Problem description: Each entry should be set down exactly as written, except for any picture it holds.

____

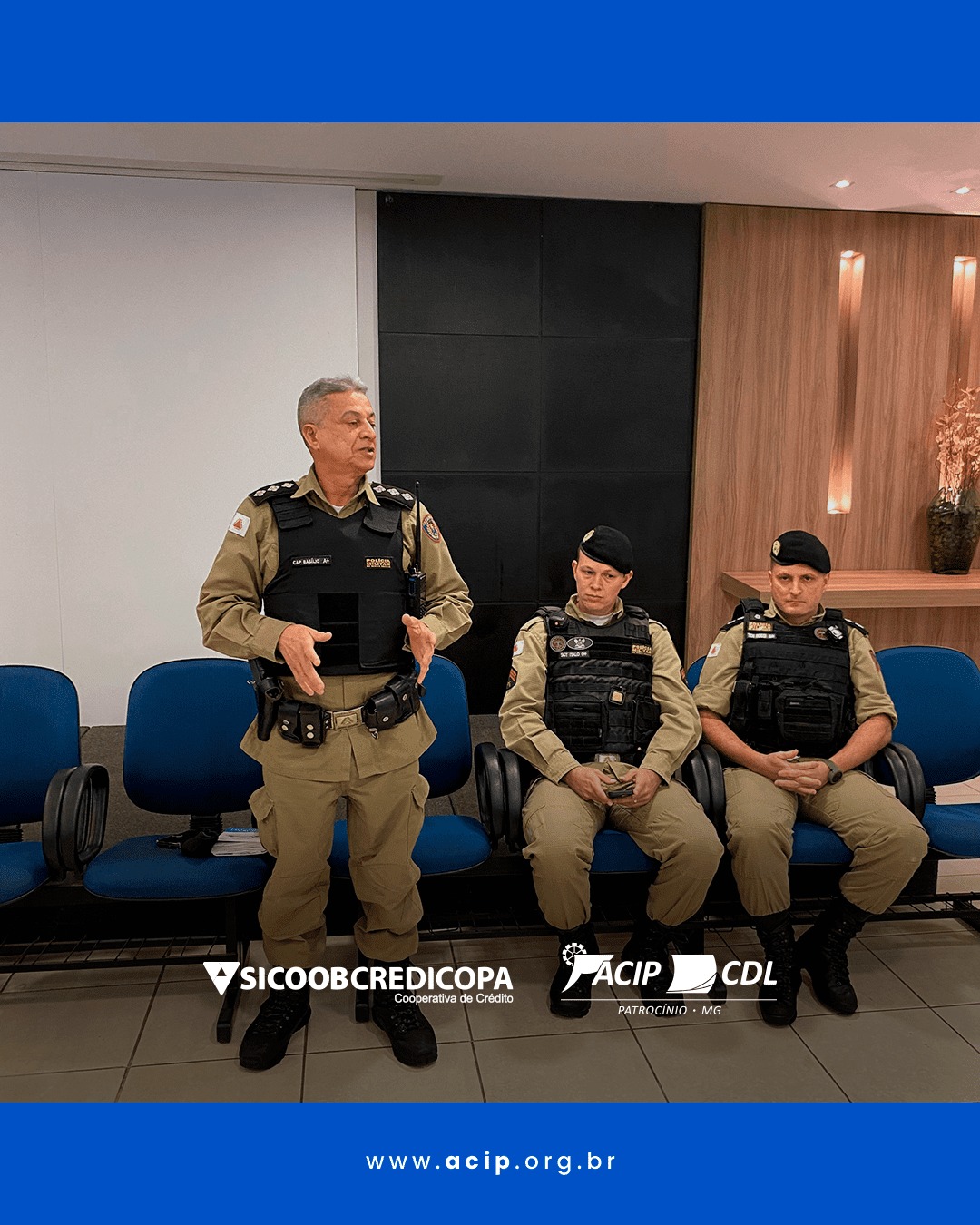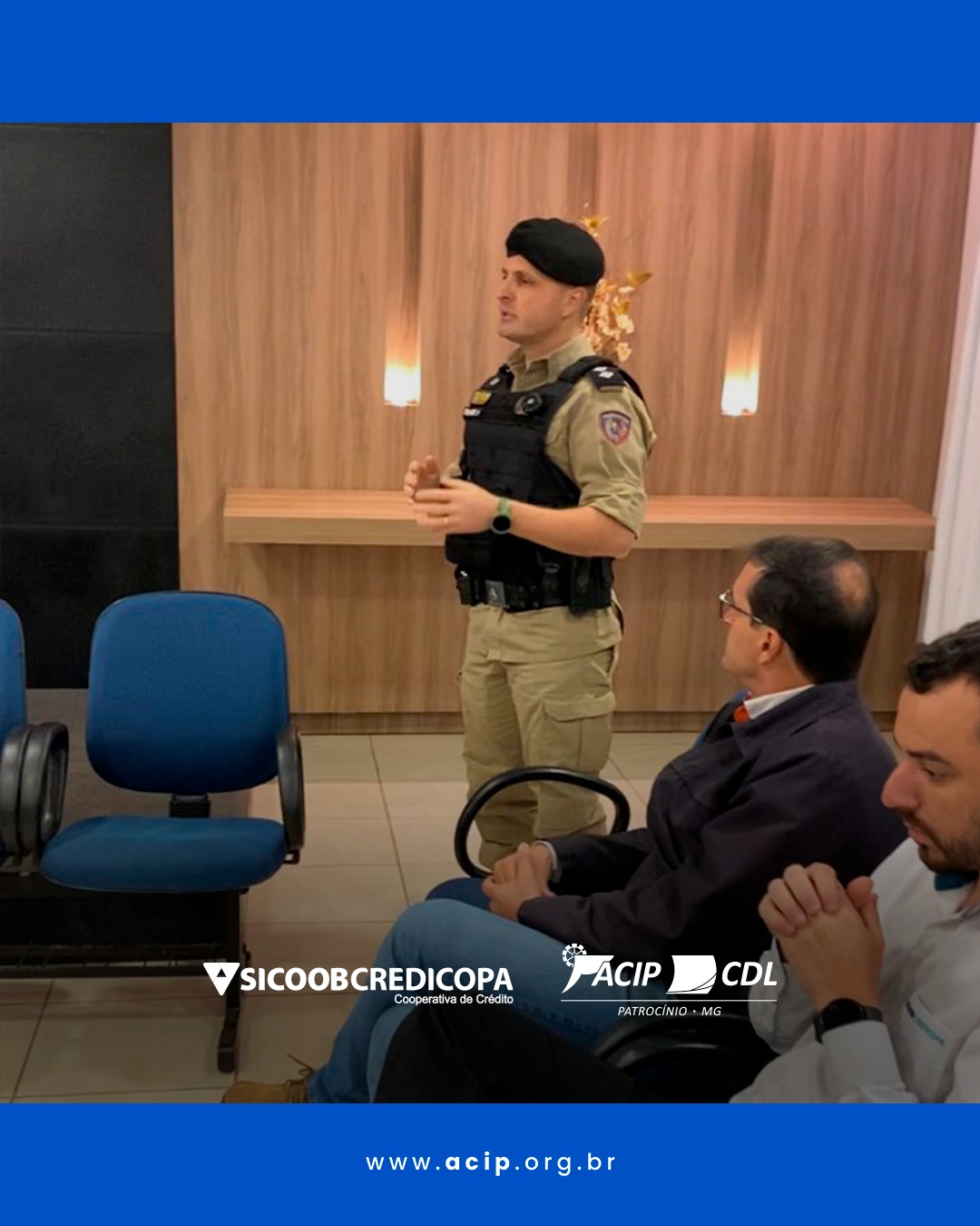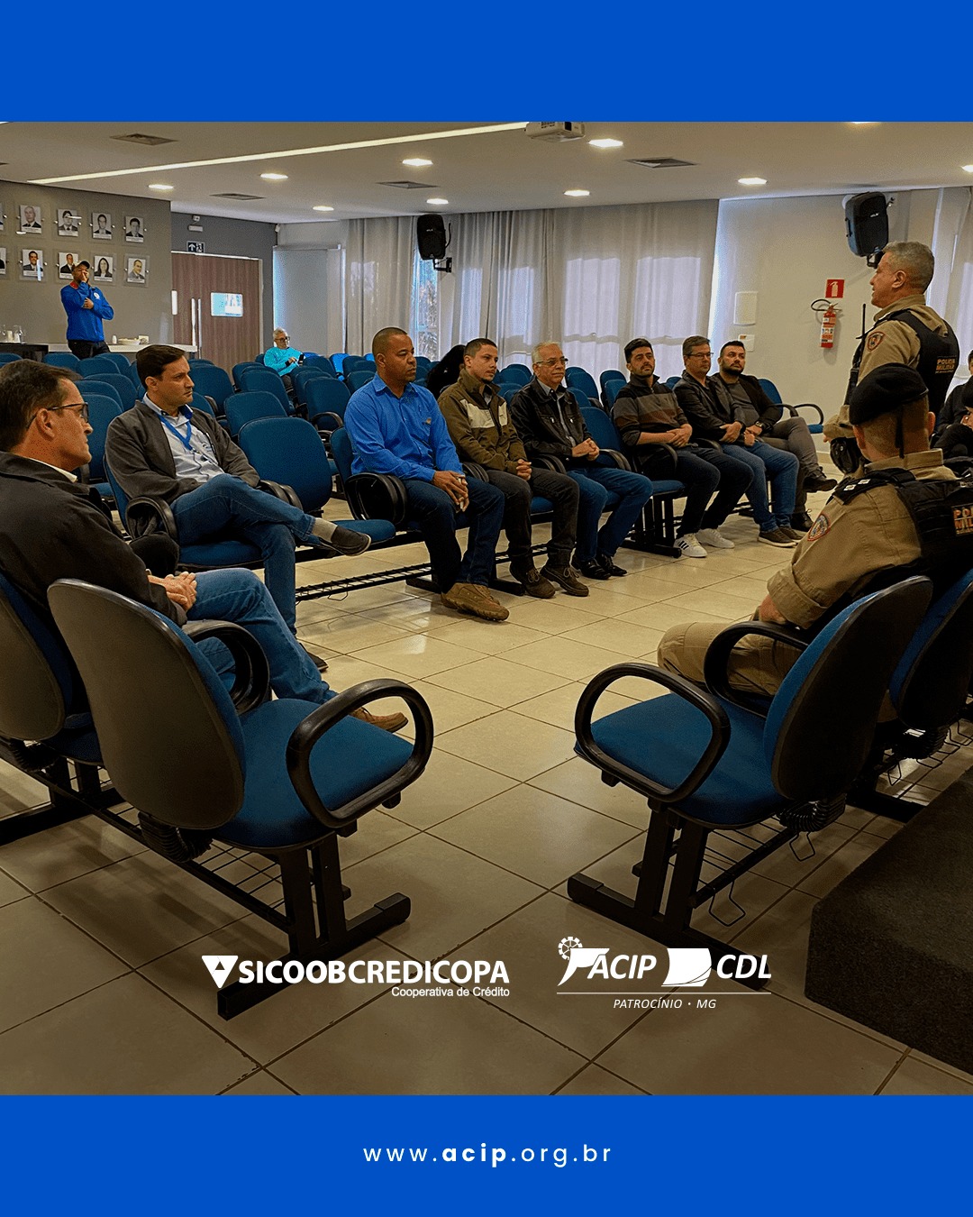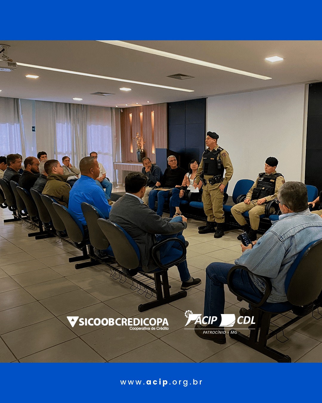 Na manhã da última terça-feira (13), no auditório da Associação Comercial e Industrial de Patrocínio – ACIP e da Câmara de Dirigentes Lojistas - CDL aconteceu uma reunião com militares do 46º Batalhão da Polícia Militar de Patrocínio, para discutir e planejar ações para melhorar a segurança pública na cidade em especial nas áreas do comércio, no Centro e bairros. A ação foi proposta pelos presidentes da ACIP, Wander Júnior De Carvalho, e da CDL, Thiago Batista De Almeida e liderada pelo diretor adjunto de Proteção ao Comércio das ACIP/CDL, José Vicente Ferreira.
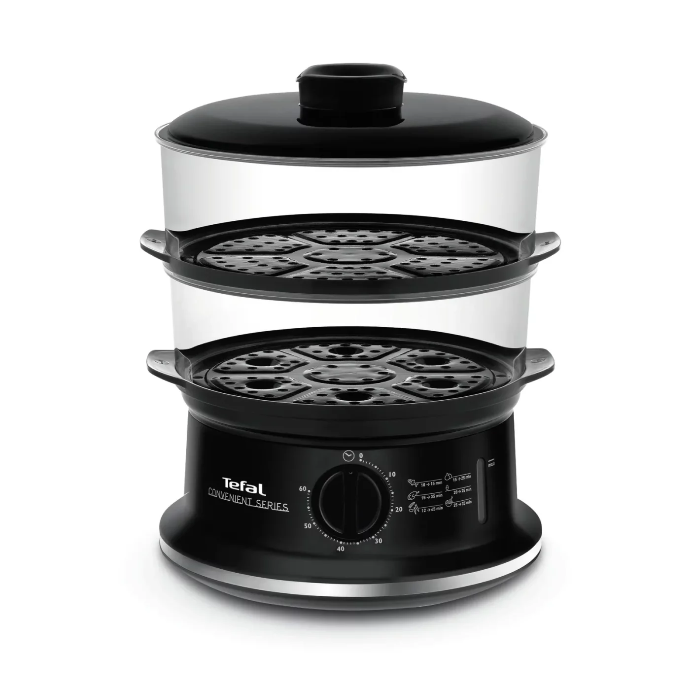 Tefal Convenient Series Пароварна VC140131, 900W, 6L, 2 тенджери, Черна
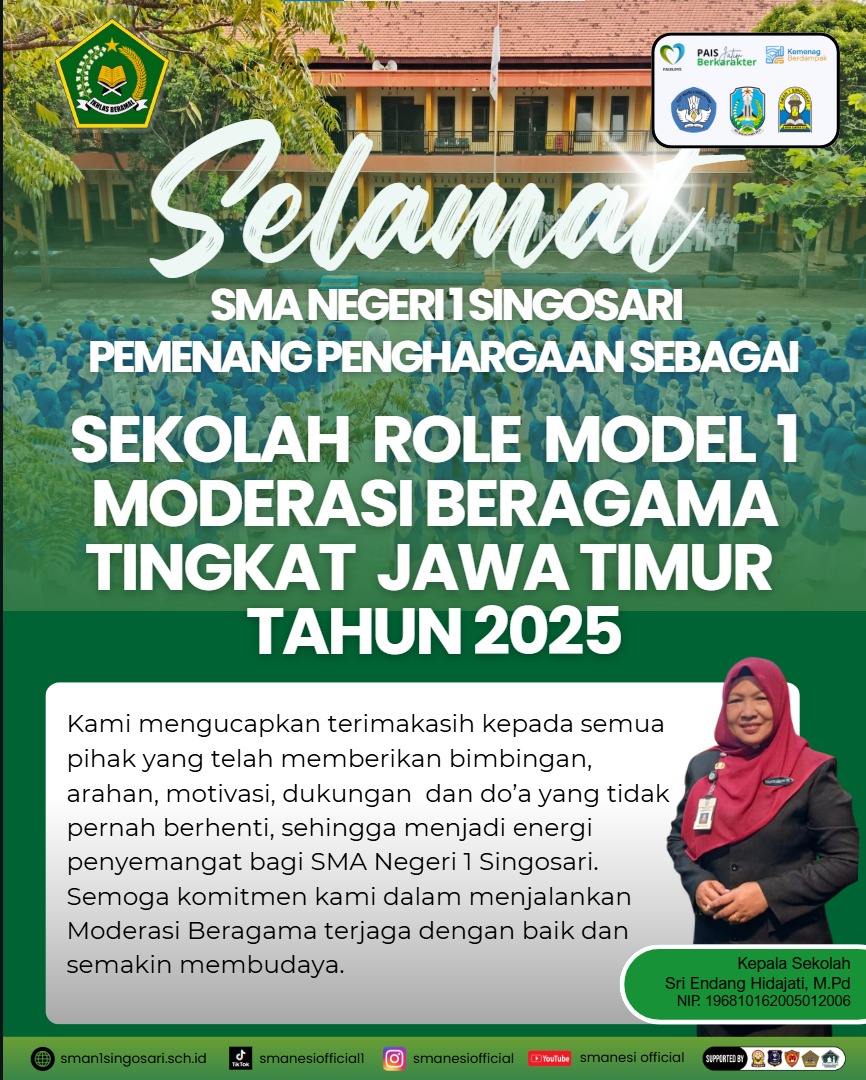 Malang,Komposisinews.com – Prestasi yang membanggakan kembali di Raih oleh SMAN 1 Singosari atau lebih dikenal dengan SMANESI yanti sebagai Role Model Sekolah Moderasi Beragama Tingkat Jawa Timur. Moderasi beragama di SMAN 1 Singosari merupakan upaya untuk meningkatkan toleransi dan kerukunan antar siswa yang memiliki latar belakang agama berbeda. Beberapa strategi yang dilakukan antara lain :
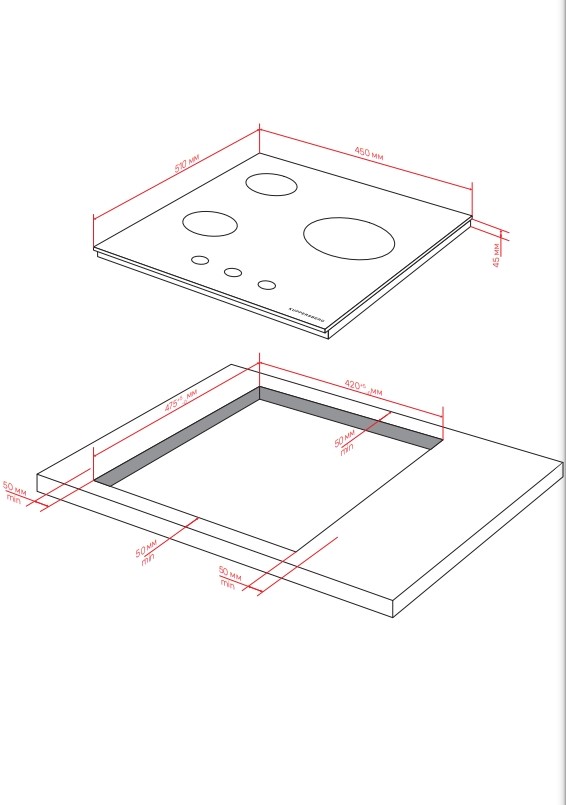 Схема встраивания для варочной панели Kuppersberg FG 40 B
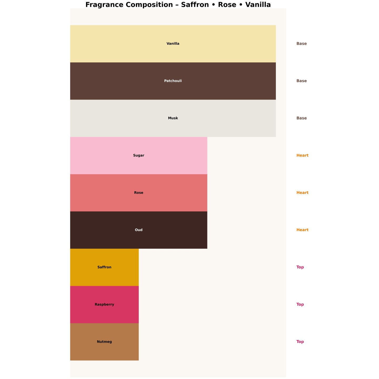 Chaleureux, oriental et doux – safran et framboise en tête, rose et oud en cœur, vanille et musc en fond.
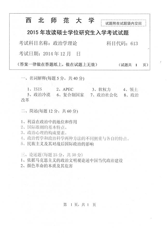 2015年西北师范大学613政治学理论考研真题
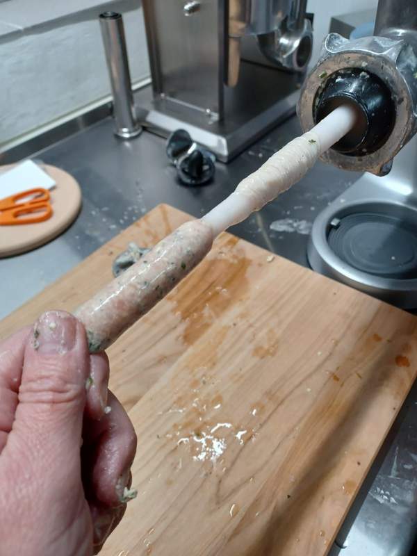 Ist das Brät vorbereitet gilt es den Darm auf die Tülle zu fädeln, ohne dass er reist. Anschließend wird die Wurst gefüllt.
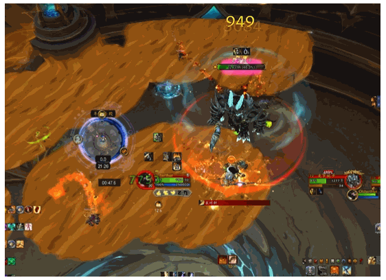 Boss会按时间顺序依次刷新3个大圈,每个大圈炸完后会360度溅射一轮波,需要站缝隙躲开,然后在这个大圈中心位置刷新一个小圈,需要附近没有被点圈的选手进去吃掉。技能顺序为大圈1+大圈2同时刷新,大圈1在Boss模型旁边先炸,大圈2点名在队里除坦克之外的任意一名队友身上,大圈1先炸,出波,出小圈,近战或者坦克进去吃掉这个小圈,此时Boss点名出大圈3。大圈2落地炸,出波,出小圈,谁被点的大圈2谁自己进去吃掉这个小圈。大圈3落地炸,出波,出小圈,谁被点明大圈3谁自己去吃这个小圈。
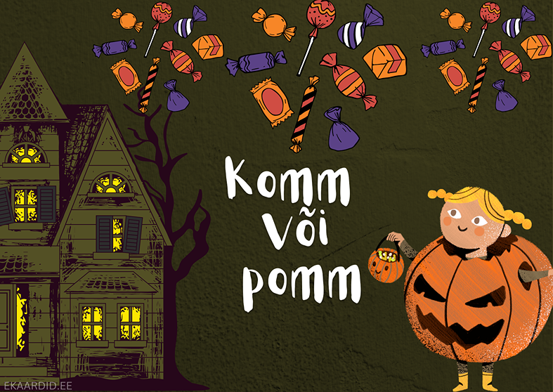 Halloweeni kaart kommivõi-pommiga
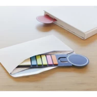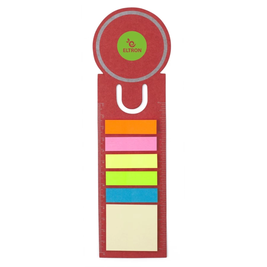 Zestaw do notatek z nadrukowaną linijką 13 cm / 5 cali i zakładka do książki w jednym, dzięki dedykowanemu miejscu pod znakowanie logotyp lub hasło reklamowe może pozostać widoczne nawet po włożeniu do książki, w komplecie znajdują się także małe karteczki samoprzylepne w 5 kolorach oraz notes 4 x 4,5 cm, produkt wykonany z kartonu i papieru
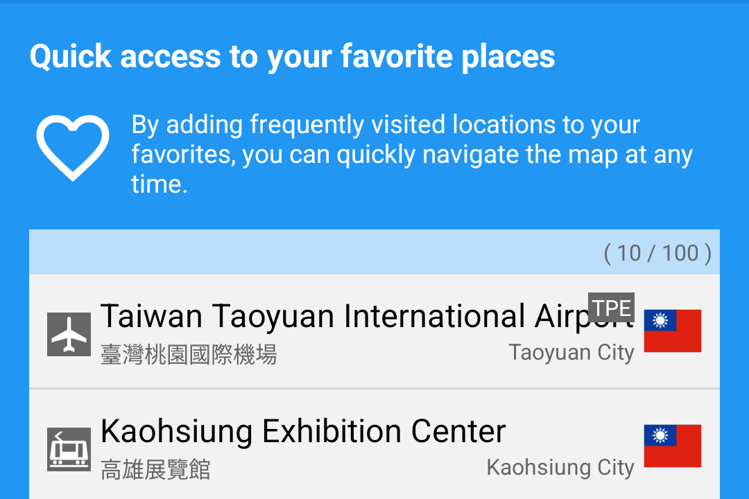 You can register favorites for stations and airports in all countries and regions where “World Transit Maps” provides route maps, as well as your home town. It’s also useful for planning international trips and enjoying virtual trips on your smartphone.

____

Solved exercise:
 Na manhã da última terça-feira (13), no auditório da Associação Comercial e Industrial de Patrocínio – ACIP e da Câmara de Dirigentes Lojistas - CDL aconteceu uma reunião com militares do 46º Batalhão da Polícia Militar de Patrocínio, para discutir e planejar ações para melhorar a segurança pública na cidade em especial nas áreas do comércio, no Centro e bairros. A ação foi proposta pelos presidentes da ACIP, Wander Júnior De Carvalho, e da CDL, Thiago Batista De Almeida e liderada pelo diretor adjunto de Proteção ao Comércio das ACIP/CDL, José Vicente Ferreira.
 Tefal Convenient Series Пароварна VC140131, 900W, 6L, 2 тенджери, Черна
 Malang,Komposisinews.com – Prestasi yang membanggakan kembali di Raih oleh SMAN 1 Singosari atau lebih dikenal dengan SMANESI yanti sebagai Role Model Sekolah Moderasi Beragama Tingkat Jawa Timur. Moderasi beragama di SMAN 1 Singosari merupakan upaya untuk meningkatkan toleransi dan kerukunan antar siswa yang memiliki latar belakang agama berbeda. Beberapa strategi yang dilakukan antara lain :
 Схема встраивания для варочной панели Kuppersberg FG 40 B
 Chaleureux, oriental et doux – safran et framboise en tête, rose et oud en cœur, vanille et musc en fond.
 2015年西北师范大学613政治学理论考研真题
 Ist das Brät vorbereitet gilt es den Darm auf die Tülle zu fädeln, ohne dass er reist. Anschließend wird die Wurst gefüllt.
 Boss会按时间顺序依次刷新3个大圈,每个大圈炸完后会360度溅射一轮波,需要站缝隙躲开,然后在这个大圈中心位置刷新一个小圈,需要附近没有被点圈的选手进去吃掉。技能顺序为大圈1+大圈2同时刷新,大圈1在Boss模型旁边先炸,大圈2点名在队里除坦克之外的任意一名队友身上,大圈1先炸,出波,出小圈,近战或者坦克进去吃掉这个小圈,此时Boss点名出大圈3。大圈2落地炸,出波,出小圈,谁被点的大圈2谁自己进去吃掉这个小圈。大圈3落地炸,出波,出小圈,谁被点明大圈3谁自己去吃这个小圈。
 Halloweeni kaart kommivõi-pommiga
 Zestaw do notatek z nadrukowaną linijką 13 cm / 5 cali i zakładka do książki w jednym, dzięki dedykowanemu miejscu pod znakowanie logotyp lub hasło reklamowe może pozostać widoczne nawet po włożeniu do książki, w komplecie znajdują się także małe karteczki samoprzylepne w 5 kolorach oraz notes 4 x 4,5 cm, produkt wykonany z kartonu i papieru
 You can register favorites for stations and airports in all countries and regions where “World Transit Maps” provides route maps, as well as your home town. It’s also useful for planning international trips and enjoying virtual trips on your smartphone.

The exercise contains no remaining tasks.